Data below:

+ + +

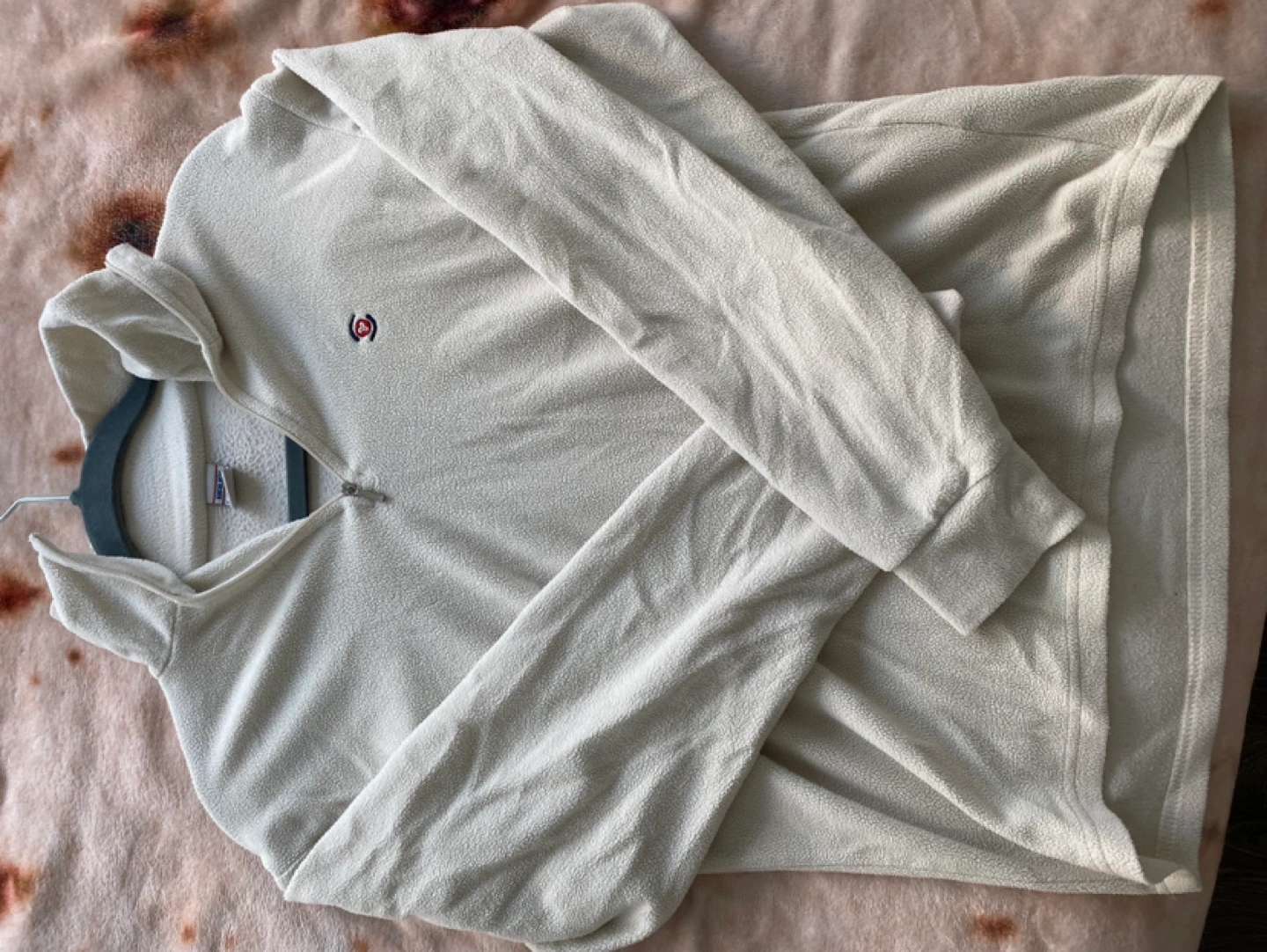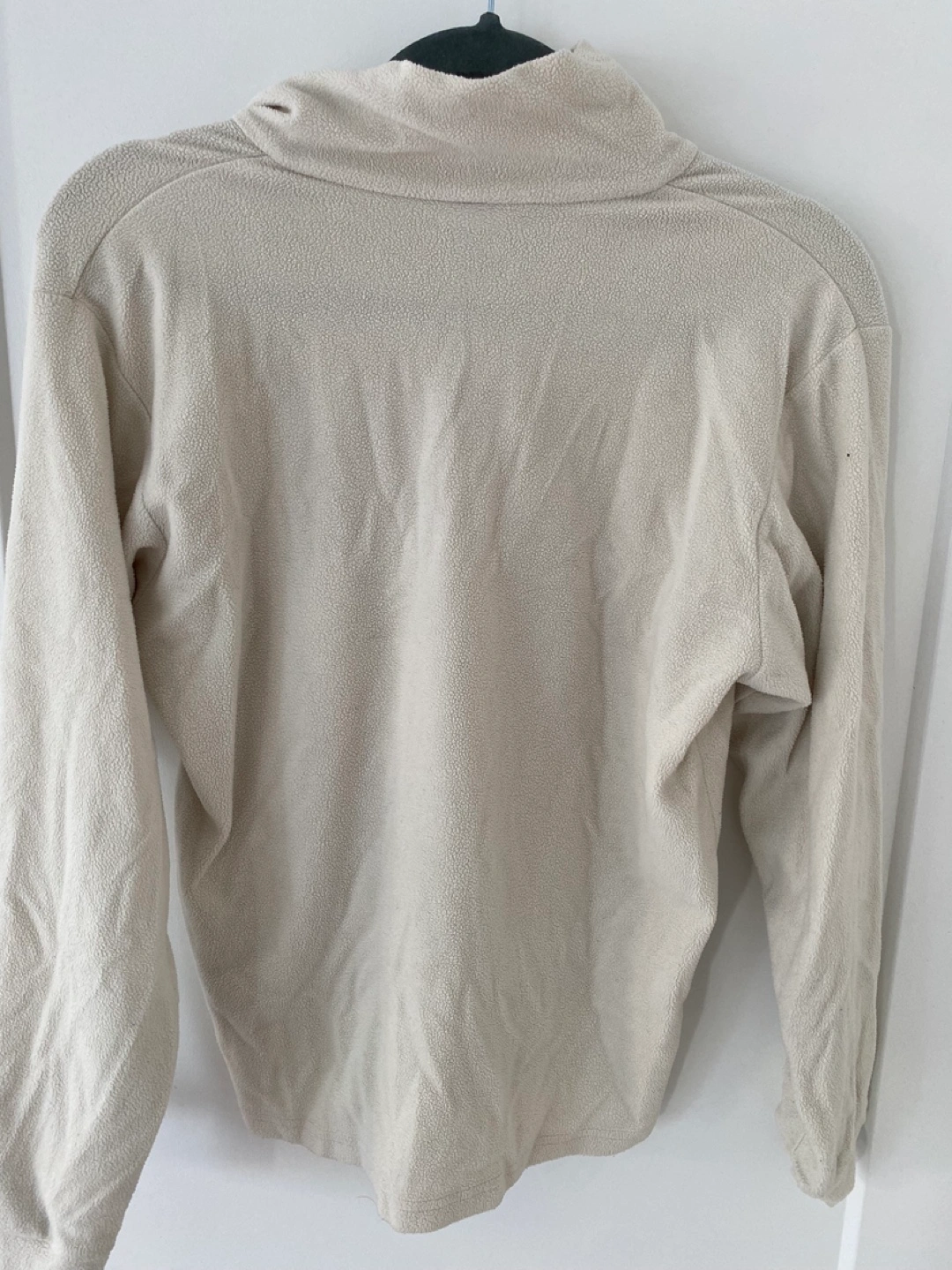Cream coloured fleece pullover. Quarter zip. Long sleeves. Size XL. Good condition.
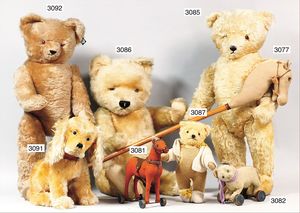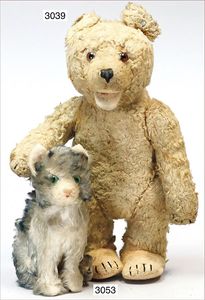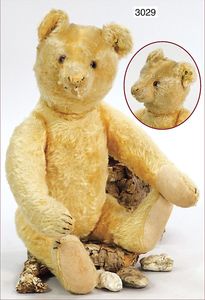 Bär wohl SONNEBERG, schw. Nasenbestickung, Glasaugen, 83 cm, leicht abgeknickte Arme, etw. verstaubt, maisfarben, minimale Fehler an den Filztatzen, sonst guter Zust.
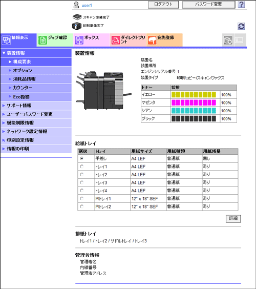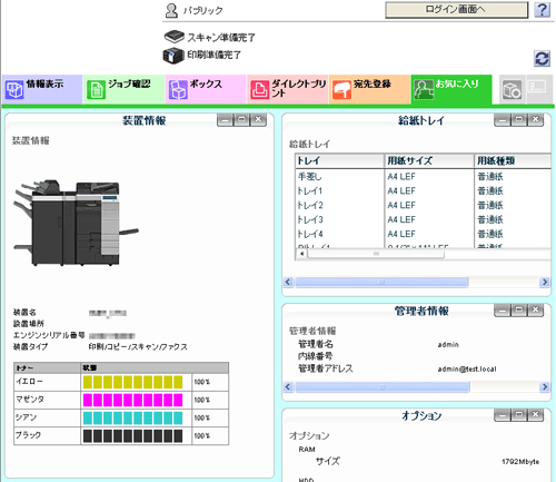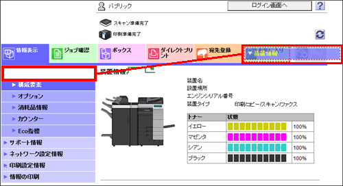 [装置情報] | 本機の構成要素、オプション、消耗品情報、カウンター、Eco指標を確認できます。 |

+ + +

Problem requirements: The answer should contain all the material above, copied exactly, and no images.

Solved problem:
Cream coloured fleece pullover. Quarter zip. Long sleeves. Size XL. Good condition.
 Bär wohl SONNEBERG, schw. Nasenbestickung, Glasaugen, 83 cm, leicht abgeknickte Arme, etw. verstaubt, maisfarben, minimale Fehler an den Filztatzen, sonst guter Zust.
 [装置情報] | 本機の構成要素、オプション、消耗品情報、カウンター、Eco指標を確認できます。 |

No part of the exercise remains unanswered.